One of the most persistent variables is loudness.
One of the least persistent variables is tempo.
plot(lasso_model)
plot(lasso_model, xlim = c(0,0.6), ylim = c(12.75,12.8))
lasso_model$bestTune
## alpha lambda
## 78 1 0.5274997
coef(lasso_model$finalModel, 0.5094)
## 13 x 1 sparse Matrix of class "dgCMatrix"
## 1
## (Intercept) 28.6745152
## acousticness .
## danceability 7.2176889
## duration_ms .
## energy .
## instrumentalness -2.3463701
## liveness -1.0493408
## loudness 0.3956689
## mode1 .
## speechiness -0.3998064
## tempo .
## valence -1.3125838
## time_signature_4TRUE .
The remaining variables and coefficients are:
danceability: 7.2176 intrumentalness: -2.34637 liveness: -1.04934 loudness: 0.39566 speechiness: -0.39980 valence: -1.31258
lasso_model$resample %>%
summarize(mean(MAE))
## mean(MAE)
## 1 12.82685
Lasso Model MAE: 12.82 Backstep Model MAE: 12.75 Least Squares Regression Model: 12.76
Basedon the average MAE’s, I’d say that the backstep model is the best since it has the lowest MAE and is relatively simple at 5 variables.
lasso_model$results %>%
filter(lambda == lasso_model$bestTune$lambda)

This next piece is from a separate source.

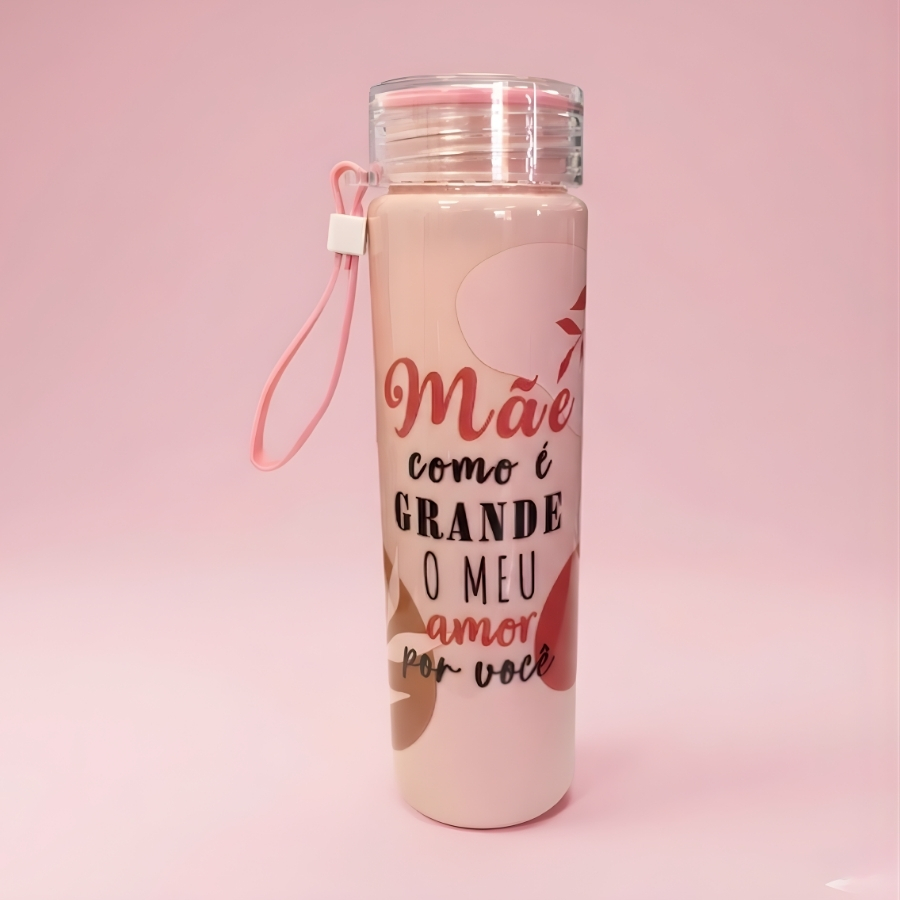 Garrafa fabricada em material plástico, com capacidade de 500ml. Acabamento na cor rosa, com estampa da frase “Mãe Como é Grande o Meu Amor Por Você”. Indicada para armazenamento de bebidas. Recomenda-se higienizar antes do primeiro uso. Consultar o rótulo para informações sobre resistência térmica e compatibilidade com líquidos quentes ou frios. Não utilizar em micro-ondas, salvo indicação expressa do fabricante. Evitar quedas, impactos e produtos abrasivos para preservar a estampa e a integridade do material.

## alpha lambda RMSE Rsquared MAE RMSESD RsquaredSD
## 1 1 0.5274997 15.95739 0.07070021 12.82685 0.3003048 0.01467597
## MAESD
## 1 0.1904266
result_df <- data.frame(resid = resid(lasso_model), fitted = fitted(lasso_model))
ggplot(result_df, aes(x = fitted, y = resid)) +
geom_point() +
geom_hline(yintercept = 0)
Is it right? Based on the residual plot, the LASSO model doesn’t seem to be right. The residuals aren’t random and have clear patterns.
Is the model strong? The R squared is weak at 0.07 so I would say the model is weak.
Does the model produce accurate predictions? The MAE is 12.85 which is relatively large compared to the popularity levels we are predicting so the model does not produce accurate predictions.
Although our model isn’t great, I would recommend music execs to increase danceability as that is relatively significant and has a high coefficient suggesting it has a sizeable impact on popularity.